Records for this exercise →
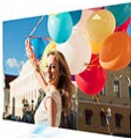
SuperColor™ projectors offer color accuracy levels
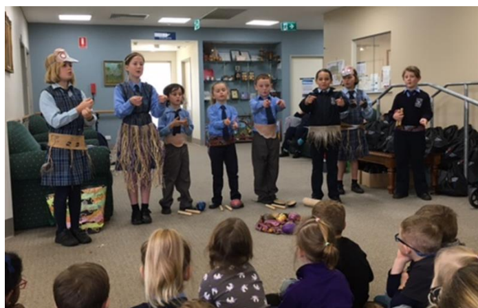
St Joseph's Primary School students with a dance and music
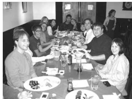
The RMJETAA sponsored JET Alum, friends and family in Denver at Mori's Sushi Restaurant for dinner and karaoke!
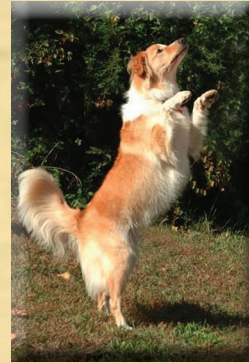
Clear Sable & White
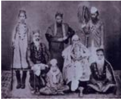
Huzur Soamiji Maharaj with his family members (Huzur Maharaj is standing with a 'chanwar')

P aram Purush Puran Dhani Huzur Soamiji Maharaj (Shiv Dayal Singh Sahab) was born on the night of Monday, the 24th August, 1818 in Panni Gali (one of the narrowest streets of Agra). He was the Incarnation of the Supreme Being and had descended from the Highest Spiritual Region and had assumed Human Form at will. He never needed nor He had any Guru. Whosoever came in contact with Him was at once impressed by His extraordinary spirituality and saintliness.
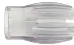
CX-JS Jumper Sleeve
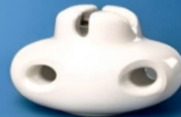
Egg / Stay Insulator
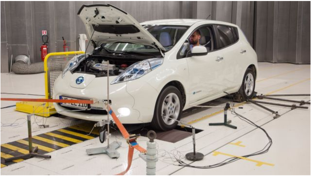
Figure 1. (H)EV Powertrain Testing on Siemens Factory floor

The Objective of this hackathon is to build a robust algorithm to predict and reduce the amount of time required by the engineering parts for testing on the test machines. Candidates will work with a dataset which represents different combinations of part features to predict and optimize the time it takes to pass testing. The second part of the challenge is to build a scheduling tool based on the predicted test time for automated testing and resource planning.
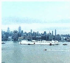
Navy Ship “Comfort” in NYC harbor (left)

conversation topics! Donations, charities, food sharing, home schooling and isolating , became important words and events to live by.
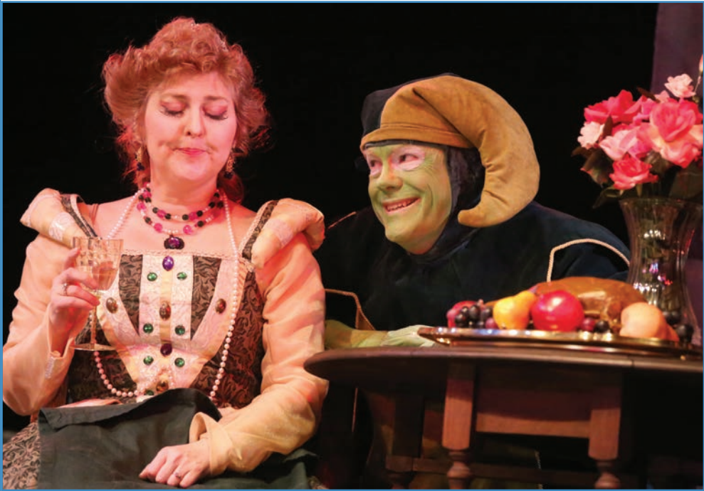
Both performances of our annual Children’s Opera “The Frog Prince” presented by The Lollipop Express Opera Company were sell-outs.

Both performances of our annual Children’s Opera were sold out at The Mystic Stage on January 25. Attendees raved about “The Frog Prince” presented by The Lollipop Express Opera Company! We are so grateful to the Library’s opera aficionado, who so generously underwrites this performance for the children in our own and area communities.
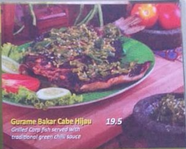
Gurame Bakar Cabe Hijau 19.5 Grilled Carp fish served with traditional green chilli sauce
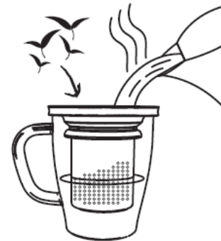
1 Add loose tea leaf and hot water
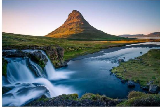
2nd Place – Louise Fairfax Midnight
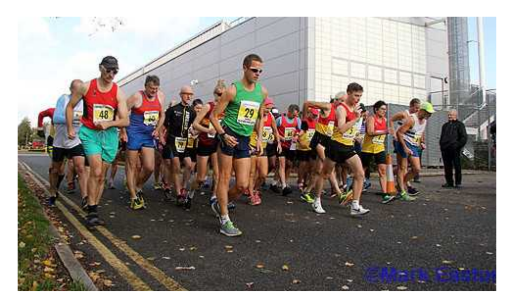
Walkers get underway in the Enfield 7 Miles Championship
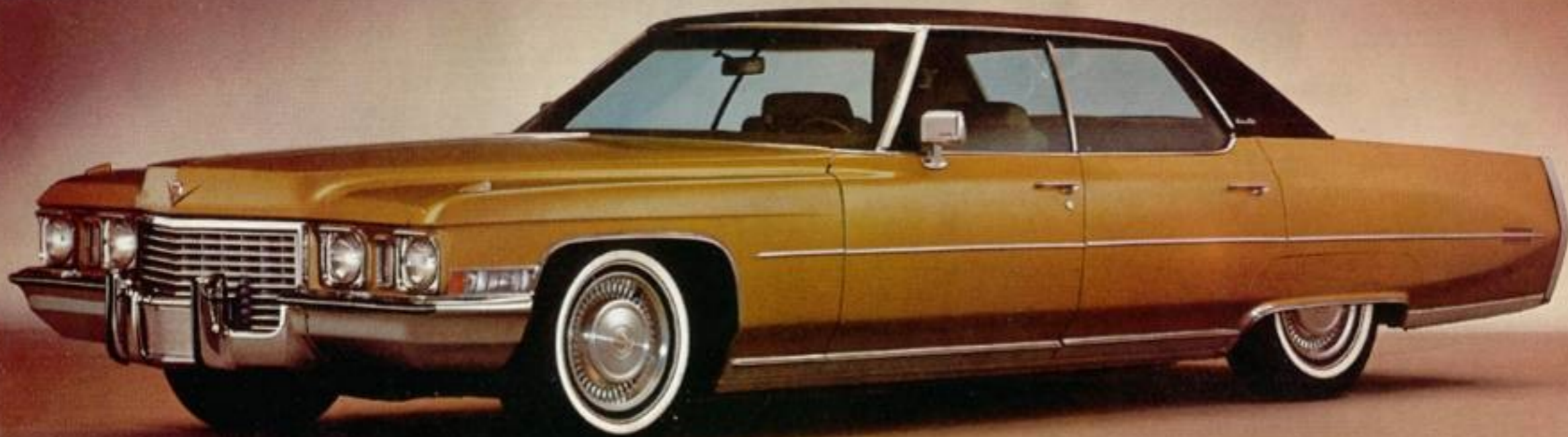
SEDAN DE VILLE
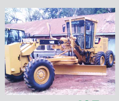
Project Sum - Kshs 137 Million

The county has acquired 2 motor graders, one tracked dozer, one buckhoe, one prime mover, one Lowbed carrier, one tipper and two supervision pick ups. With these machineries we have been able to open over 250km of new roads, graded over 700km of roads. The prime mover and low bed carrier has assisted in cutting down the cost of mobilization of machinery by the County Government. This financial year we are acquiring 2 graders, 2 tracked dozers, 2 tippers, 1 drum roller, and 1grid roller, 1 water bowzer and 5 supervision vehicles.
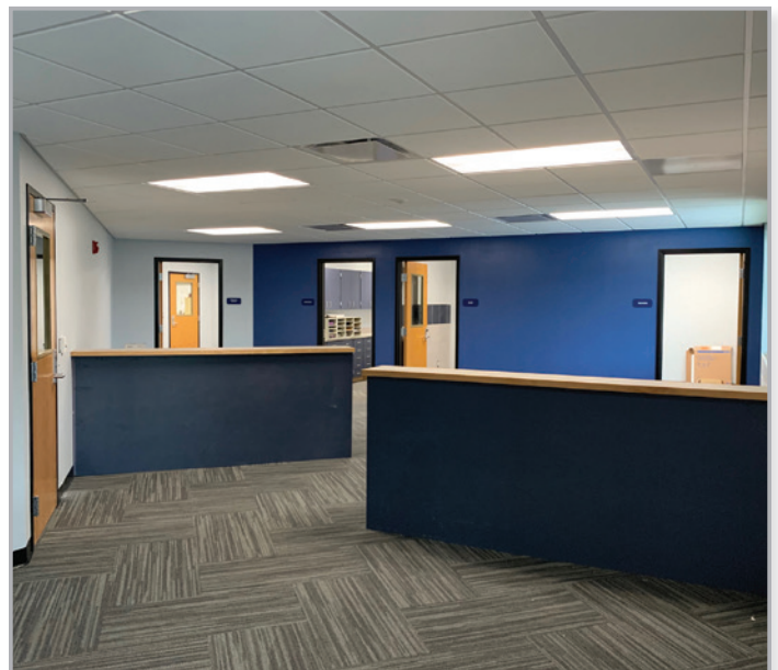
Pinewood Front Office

---

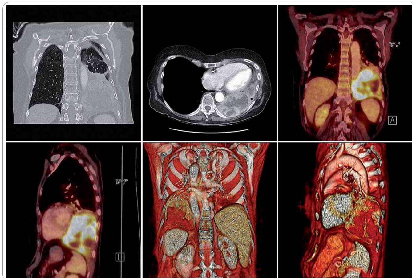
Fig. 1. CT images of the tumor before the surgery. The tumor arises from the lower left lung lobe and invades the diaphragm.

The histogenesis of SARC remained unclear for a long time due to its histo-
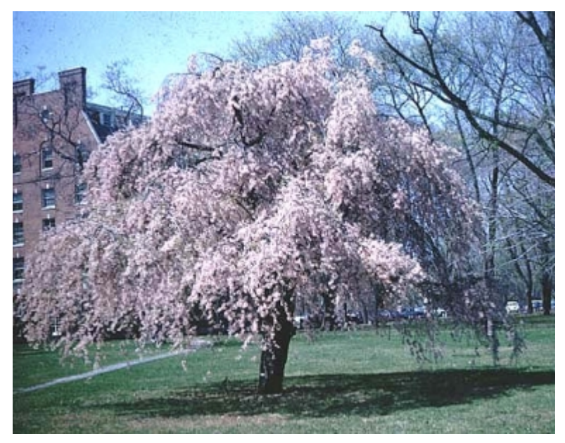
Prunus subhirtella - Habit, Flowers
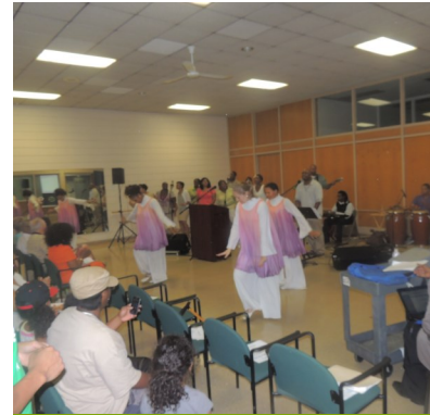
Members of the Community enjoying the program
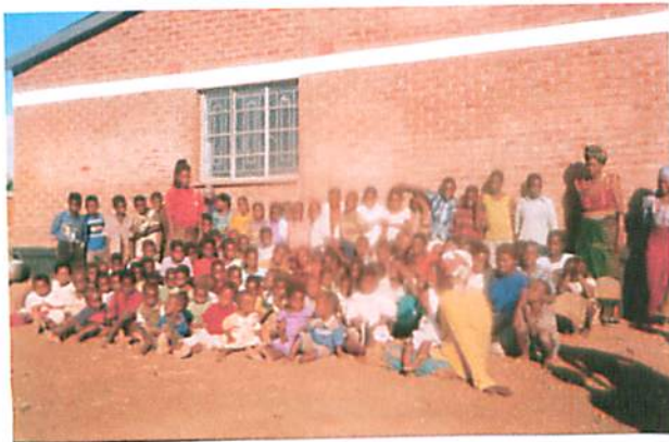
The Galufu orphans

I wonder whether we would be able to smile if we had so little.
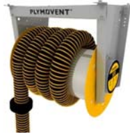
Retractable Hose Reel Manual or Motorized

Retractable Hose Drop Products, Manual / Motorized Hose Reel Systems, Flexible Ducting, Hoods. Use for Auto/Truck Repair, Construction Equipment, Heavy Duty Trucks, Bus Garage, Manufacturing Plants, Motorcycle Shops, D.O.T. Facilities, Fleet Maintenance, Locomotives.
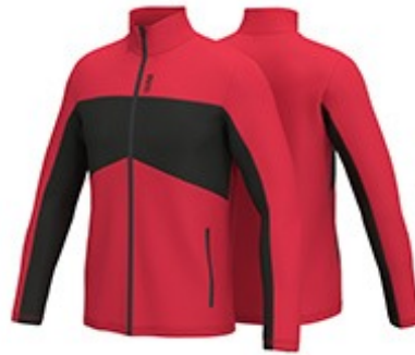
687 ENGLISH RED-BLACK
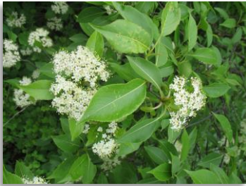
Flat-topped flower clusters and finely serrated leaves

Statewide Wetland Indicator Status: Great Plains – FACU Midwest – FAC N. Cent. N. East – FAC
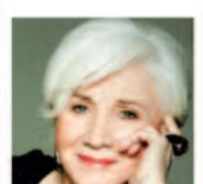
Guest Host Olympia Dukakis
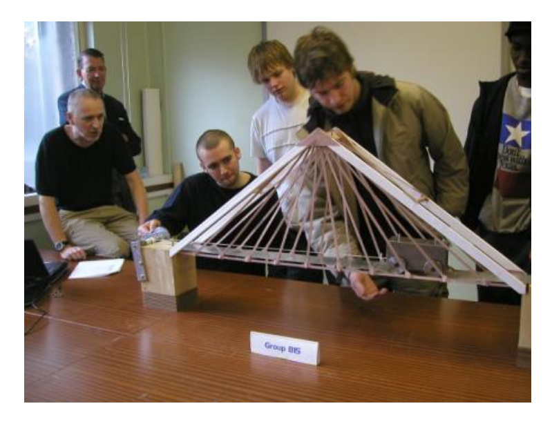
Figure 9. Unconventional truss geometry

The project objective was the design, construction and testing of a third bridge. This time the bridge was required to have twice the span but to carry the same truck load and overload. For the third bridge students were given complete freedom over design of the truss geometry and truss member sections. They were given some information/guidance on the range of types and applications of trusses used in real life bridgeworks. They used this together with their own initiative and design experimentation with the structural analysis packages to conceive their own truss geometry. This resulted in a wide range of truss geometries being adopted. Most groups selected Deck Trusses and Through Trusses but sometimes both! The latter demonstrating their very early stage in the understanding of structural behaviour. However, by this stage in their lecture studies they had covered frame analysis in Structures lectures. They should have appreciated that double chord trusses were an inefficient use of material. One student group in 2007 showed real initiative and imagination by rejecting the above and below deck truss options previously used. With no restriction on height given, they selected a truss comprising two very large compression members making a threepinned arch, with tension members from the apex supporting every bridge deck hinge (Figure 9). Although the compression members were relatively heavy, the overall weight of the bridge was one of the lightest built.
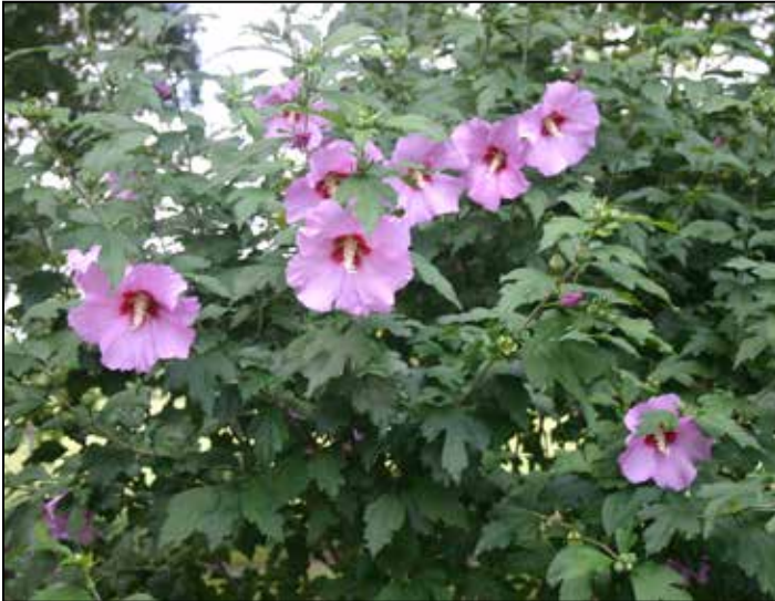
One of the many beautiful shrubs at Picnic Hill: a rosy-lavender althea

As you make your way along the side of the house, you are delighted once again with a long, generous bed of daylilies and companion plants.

--

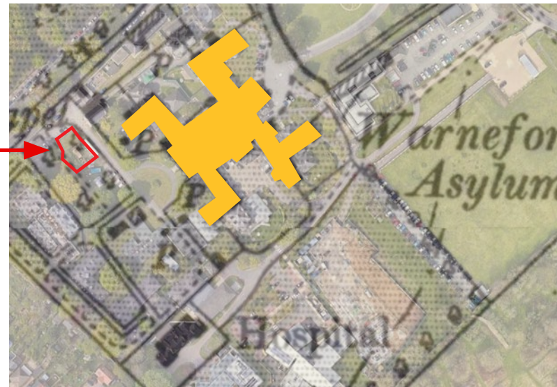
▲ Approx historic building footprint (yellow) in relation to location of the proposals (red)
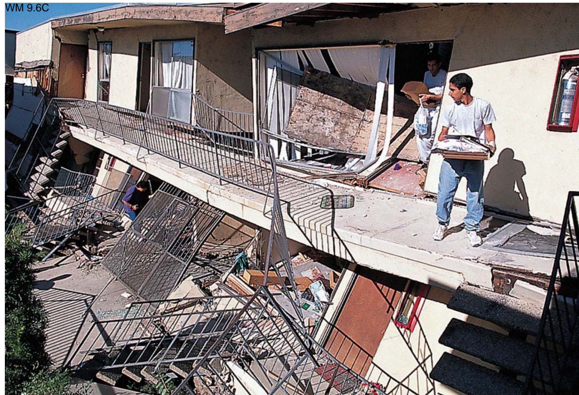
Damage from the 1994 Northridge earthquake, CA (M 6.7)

What to do →
The lines to return are those holding the string "Children" anywhere in the listing above.

Response box →
Both performances of our annual Children’s Opera “The Frog Prince” presented by The Lollipop Express Opera Company were sell-outs.
Both performances of our annual Children’s Opera were sold out at The Mystic Stage on January 25. Attendees raved about “The Frog Prince” presented by The Lollipop Express Opera Company! We are so grateful to the Library’s opera aficionado, who so generously underwrites this performance for the children in our own and area communities.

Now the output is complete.